Cuando esto decía enfilamos una callejuela, y a través de una pequeña puerta lateral fuimos a dar a una de las alas del gran hospital. Siéndome el terreno familiar, no precisé guía para seguir mi itinerario por la lúgubre escalera de piedra y a través luego del largo pasillo de paredes encaladas y puertas color castaño. Casi al otro extremo, un corredor abovedado y de poca altura torcía hacia uno de los lados, conduciendo al laboratorio de química.

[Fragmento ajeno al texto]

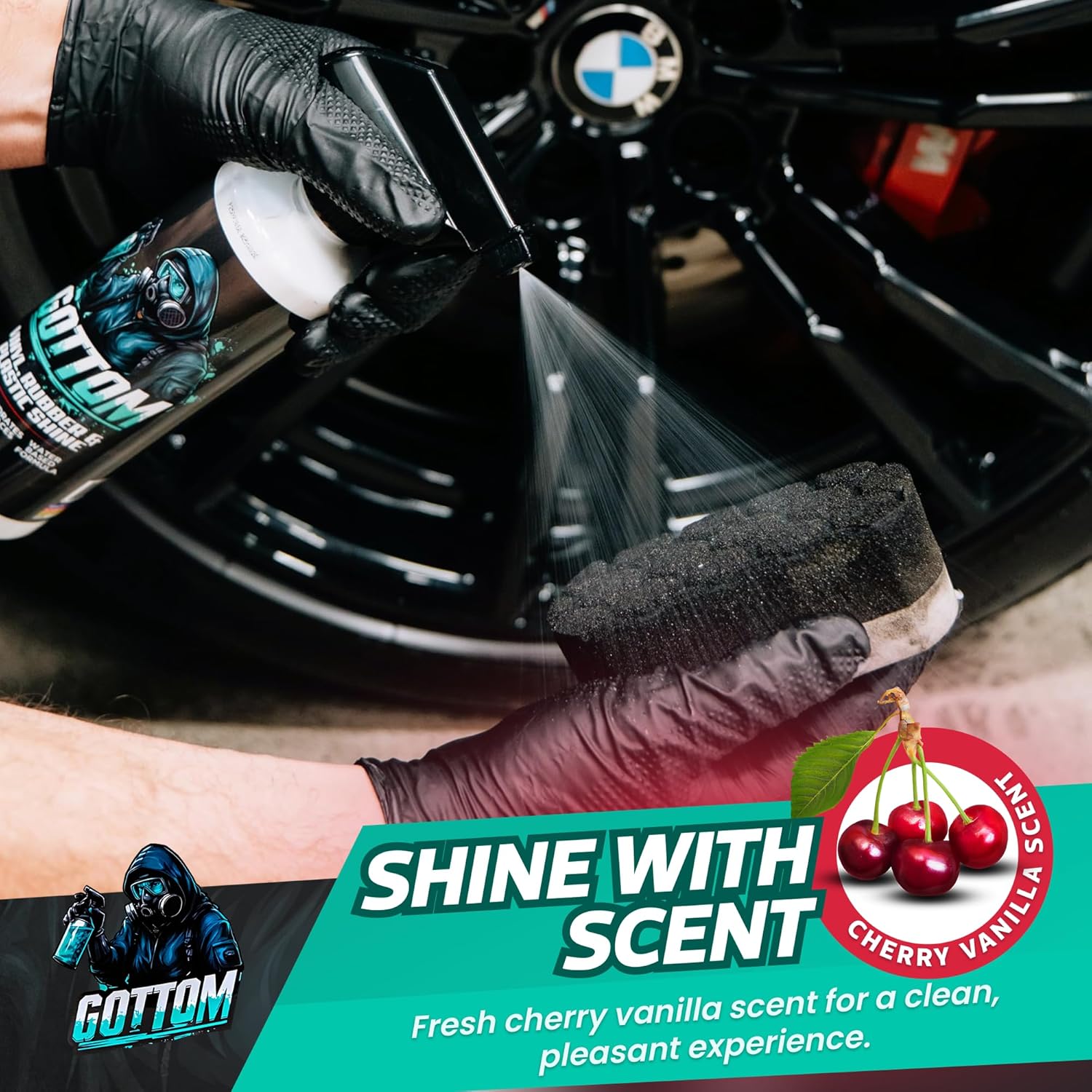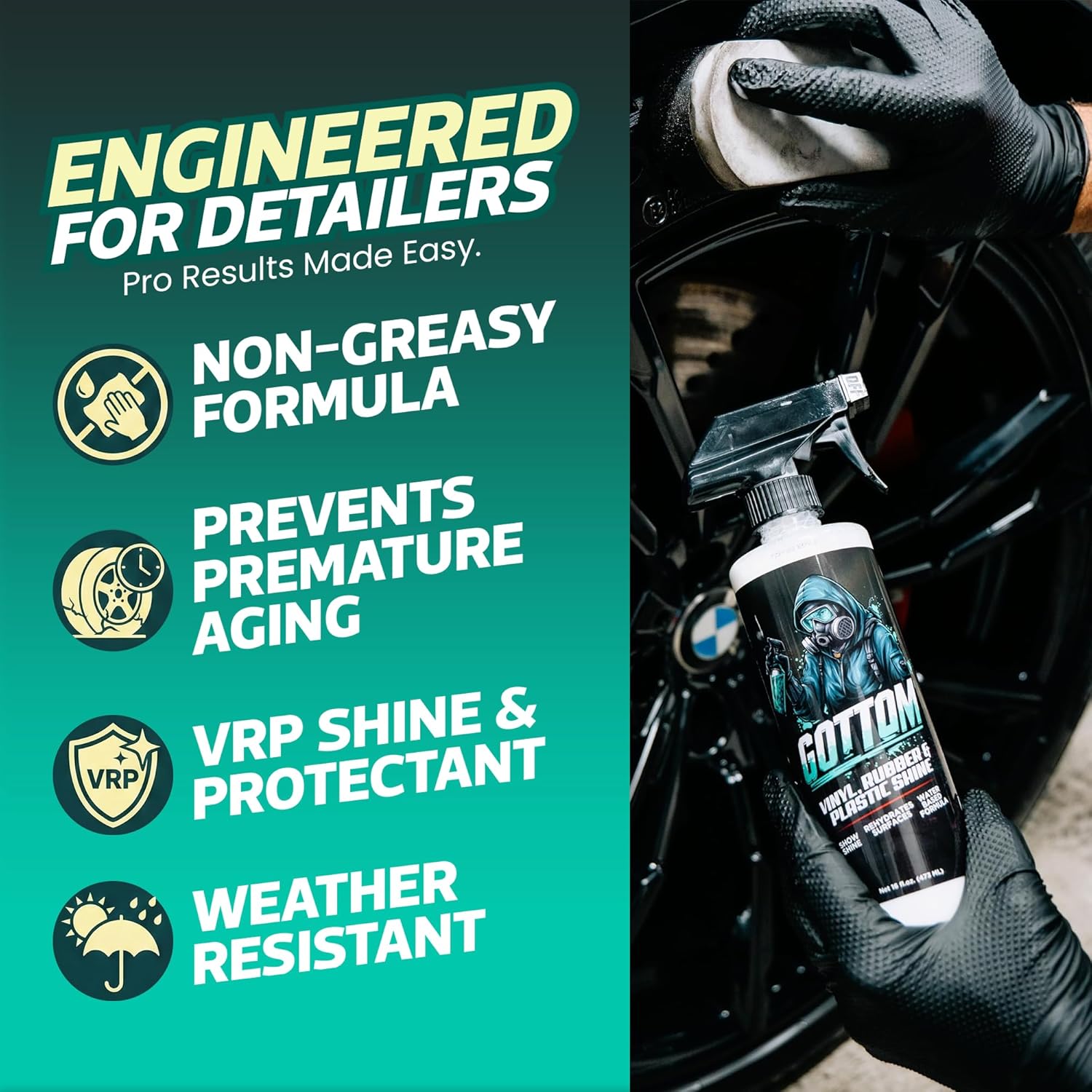 TIRE DRESSING & PLASTIC RESTORER: Gottom works as both a tire dressing and a plastic restorer, restoring a glossy finish to tires and exterior plastic parts, while protecting them from fading, cracking, and discoloration from UV rays.

Era éste una habitación de elevado techo, llena toda de frascos que se alineaban a lo largo de las paredes o yacían desperdigados por el suelo. Aquí y allá aparecían unas mesas bajas y anchas erizadas de retortas, tubos de ensayo y pequeñas lámparas Bunsen con su azul y ondulante lengua de fuego. En la habitación hacía guardia un solitario estudiante que, absorto en su trabajo, se inclinaba sobre una mesa apartada. Al escuchar nuestros pasos volvió la cabeza, y saltando en pie dejó oír una exclamación de júbilo.